Liz Hunter, a campaigner at Survival International spoke of her alarm about the situation facing those in the region. "We are extremely concerned about the leasing of the Omo Valley tribes' land by the Ethiopian government to state and foreign companies. By regulating the flow of the Omo, the dam will enable irrigation of the plantations. So the tribes face a double whammy - loss of the natural flood and therefore their ability to feed themselves through the flood retreat cultivation, and now loss of cattle grazing land to state and foreign companies."

Land grabbing is becoming a worrying trend throughout rural Ethiopia and is not isolated to the Lower Omo Valley region. Human Rights Watch stated in a recent report that the Ethiopian government's "failure to provide food assistance for relocated people has caused endemic hunger and cases of starvation".
More than 70,000 people are estimated to have been forced off their land in the Gambella Region in the west of the country to make way for Saudi Arabian and Chinese-owned rice growing plantations. The Ethiopian government maintains that much of the land they are leasing to foreign investors is unfarmed and unsuitable for smallholder farmers. But Tichafa Makovere, a permaculture and farming expert from Zimbabwe, disputes this stance. "One can never say that land is not in use. Even unfarmed land provides a vital habitat for wildlife.
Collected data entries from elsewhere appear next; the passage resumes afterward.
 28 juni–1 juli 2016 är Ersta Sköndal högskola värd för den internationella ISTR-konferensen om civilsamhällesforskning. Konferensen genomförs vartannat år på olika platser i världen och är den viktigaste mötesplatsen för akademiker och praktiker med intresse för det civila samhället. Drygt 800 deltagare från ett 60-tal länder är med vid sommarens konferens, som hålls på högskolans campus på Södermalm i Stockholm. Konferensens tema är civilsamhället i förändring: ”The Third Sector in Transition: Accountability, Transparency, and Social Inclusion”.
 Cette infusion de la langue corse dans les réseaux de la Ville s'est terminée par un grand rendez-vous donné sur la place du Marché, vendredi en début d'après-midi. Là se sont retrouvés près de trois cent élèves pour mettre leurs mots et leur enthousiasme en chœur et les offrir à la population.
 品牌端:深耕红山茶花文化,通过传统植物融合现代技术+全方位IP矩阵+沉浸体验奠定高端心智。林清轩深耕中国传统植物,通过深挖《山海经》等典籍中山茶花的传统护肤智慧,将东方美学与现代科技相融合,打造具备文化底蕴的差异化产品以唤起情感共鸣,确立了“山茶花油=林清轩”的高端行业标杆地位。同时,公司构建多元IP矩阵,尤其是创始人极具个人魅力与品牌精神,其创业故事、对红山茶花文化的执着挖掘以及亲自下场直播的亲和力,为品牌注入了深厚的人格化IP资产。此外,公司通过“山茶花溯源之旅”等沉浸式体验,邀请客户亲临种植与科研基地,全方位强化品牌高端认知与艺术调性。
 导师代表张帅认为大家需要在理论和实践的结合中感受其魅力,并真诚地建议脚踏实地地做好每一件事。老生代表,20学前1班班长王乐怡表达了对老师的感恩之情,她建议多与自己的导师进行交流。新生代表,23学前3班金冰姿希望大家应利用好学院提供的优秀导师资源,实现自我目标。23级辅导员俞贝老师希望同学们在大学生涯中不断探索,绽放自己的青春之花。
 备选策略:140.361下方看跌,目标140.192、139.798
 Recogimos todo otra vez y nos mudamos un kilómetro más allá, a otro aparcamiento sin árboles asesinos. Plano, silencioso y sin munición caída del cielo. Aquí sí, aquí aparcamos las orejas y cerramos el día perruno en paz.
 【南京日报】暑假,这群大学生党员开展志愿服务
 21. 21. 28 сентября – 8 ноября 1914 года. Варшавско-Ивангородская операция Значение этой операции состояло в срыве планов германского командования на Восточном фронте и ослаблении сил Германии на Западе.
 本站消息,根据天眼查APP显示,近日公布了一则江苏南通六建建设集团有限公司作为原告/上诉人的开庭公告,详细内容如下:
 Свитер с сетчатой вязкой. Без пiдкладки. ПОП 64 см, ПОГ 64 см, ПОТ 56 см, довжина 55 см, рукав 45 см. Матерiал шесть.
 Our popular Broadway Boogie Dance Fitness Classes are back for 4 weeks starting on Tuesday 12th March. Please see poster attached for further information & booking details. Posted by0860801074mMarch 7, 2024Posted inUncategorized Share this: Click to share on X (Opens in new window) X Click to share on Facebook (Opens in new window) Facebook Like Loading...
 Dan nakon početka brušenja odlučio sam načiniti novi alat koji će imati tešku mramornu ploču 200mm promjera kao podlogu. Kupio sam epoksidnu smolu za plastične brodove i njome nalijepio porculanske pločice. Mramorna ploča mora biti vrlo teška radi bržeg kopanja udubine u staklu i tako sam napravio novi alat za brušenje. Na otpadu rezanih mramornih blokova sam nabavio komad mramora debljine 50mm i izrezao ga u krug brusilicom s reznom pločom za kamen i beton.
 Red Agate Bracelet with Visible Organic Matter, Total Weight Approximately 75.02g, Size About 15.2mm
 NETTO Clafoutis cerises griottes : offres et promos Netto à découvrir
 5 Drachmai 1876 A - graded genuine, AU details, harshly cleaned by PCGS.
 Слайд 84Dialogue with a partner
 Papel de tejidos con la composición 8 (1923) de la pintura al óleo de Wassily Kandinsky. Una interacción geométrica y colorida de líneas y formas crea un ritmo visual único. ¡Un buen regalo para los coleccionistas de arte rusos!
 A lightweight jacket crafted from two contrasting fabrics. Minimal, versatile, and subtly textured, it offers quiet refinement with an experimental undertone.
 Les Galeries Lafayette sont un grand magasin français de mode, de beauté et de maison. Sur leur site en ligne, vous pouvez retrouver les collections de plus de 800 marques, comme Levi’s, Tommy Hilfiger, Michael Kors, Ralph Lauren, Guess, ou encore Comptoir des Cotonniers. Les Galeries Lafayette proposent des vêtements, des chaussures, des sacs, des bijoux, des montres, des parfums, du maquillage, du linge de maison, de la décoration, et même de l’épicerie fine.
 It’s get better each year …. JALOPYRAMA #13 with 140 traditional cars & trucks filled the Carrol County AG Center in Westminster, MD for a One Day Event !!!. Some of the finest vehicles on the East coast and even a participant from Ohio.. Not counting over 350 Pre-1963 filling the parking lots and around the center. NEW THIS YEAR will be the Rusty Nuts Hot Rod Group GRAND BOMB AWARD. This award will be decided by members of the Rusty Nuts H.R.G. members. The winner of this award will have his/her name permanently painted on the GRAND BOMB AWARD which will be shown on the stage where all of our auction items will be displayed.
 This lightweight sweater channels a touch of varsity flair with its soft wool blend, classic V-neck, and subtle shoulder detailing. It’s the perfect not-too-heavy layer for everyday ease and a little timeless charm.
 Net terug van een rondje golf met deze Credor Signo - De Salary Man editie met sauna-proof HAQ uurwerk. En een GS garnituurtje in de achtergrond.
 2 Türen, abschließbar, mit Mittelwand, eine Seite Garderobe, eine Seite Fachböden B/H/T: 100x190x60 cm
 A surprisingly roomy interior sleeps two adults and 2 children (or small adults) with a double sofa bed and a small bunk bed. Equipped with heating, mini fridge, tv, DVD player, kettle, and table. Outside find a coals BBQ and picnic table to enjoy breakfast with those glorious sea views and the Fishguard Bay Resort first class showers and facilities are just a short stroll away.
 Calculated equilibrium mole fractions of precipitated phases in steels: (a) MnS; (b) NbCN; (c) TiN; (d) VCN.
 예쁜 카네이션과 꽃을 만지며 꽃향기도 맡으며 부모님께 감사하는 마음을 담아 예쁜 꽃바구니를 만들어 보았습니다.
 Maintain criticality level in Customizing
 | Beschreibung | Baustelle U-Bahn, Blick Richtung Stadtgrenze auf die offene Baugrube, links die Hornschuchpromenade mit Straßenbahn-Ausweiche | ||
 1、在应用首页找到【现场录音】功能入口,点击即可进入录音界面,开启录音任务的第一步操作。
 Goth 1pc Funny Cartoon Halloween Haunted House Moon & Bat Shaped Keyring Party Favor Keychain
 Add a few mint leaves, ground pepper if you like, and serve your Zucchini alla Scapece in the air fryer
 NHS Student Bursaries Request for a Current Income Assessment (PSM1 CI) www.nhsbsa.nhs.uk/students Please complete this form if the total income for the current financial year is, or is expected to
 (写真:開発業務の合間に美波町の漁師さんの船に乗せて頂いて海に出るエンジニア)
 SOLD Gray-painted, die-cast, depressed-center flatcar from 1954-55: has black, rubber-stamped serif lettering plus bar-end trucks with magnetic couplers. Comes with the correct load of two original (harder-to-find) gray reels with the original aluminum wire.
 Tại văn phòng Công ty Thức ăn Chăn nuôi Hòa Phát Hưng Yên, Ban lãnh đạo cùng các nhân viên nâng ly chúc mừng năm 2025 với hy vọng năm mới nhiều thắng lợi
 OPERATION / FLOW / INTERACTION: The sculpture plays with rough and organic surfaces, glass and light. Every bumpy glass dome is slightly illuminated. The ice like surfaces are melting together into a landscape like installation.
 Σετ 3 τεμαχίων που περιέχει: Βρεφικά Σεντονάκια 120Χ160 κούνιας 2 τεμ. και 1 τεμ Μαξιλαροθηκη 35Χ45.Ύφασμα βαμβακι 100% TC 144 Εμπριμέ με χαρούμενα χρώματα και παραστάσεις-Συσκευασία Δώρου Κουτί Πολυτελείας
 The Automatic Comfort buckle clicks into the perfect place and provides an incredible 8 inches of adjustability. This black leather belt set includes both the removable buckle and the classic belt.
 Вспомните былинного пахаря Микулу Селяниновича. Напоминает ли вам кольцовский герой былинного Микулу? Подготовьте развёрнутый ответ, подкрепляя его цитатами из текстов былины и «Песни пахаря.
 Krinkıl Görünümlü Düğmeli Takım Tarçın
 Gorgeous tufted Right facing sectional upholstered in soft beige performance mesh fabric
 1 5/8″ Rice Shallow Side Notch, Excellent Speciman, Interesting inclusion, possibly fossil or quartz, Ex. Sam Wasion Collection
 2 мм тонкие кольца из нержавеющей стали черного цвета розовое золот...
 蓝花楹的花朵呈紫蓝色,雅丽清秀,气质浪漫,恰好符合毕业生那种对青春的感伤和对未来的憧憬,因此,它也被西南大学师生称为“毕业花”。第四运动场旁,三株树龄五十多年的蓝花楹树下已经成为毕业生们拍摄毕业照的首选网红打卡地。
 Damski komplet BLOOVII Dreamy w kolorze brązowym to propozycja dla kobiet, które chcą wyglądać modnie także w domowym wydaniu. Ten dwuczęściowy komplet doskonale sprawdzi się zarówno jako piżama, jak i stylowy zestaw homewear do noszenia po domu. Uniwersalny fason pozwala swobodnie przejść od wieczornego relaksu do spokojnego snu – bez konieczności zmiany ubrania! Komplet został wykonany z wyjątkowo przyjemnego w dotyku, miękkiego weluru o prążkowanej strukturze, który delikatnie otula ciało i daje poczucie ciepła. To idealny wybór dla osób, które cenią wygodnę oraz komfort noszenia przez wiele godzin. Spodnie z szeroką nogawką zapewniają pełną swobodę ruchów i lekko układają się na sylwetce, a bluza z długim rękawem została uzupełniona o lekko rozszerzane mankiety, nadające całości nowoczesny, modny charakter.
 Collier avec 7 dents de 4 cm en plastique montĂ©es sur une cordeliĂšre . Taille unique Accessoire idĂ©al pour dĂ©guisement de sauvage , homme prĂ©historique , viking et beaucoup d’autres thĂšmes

To tamper with it affects ecosystems that we all depend upon for our survival."

The increasing levels of foreign influence are also raising anxiety amongst people in the Ethiopian capital, Addis Ababa. "It's a new form of colonialism," one Ethiopian NGO worker told me in a coffee house. "We fear where we will we be in ten years' time, when more and more of our land is controlled by these foreign investors." Anxiety threatens to swell to resentment, with many Chinese and Indian companies operating in the country flying in their own workers, depriving Ethiopians of work, and ultimately leading to huge reserves of money leaving the country.

With thousands facing uncertain futures, never before has sugar left such a sour taste in the mouth.
Dominic Brown is an independent filmmaker, writer and human rights campaigner. His latest documentary isForgotten Bird of Paradise.

The views expressed in this article are the author's own and do not necessarily reflect Al Jazeera's editorial policy.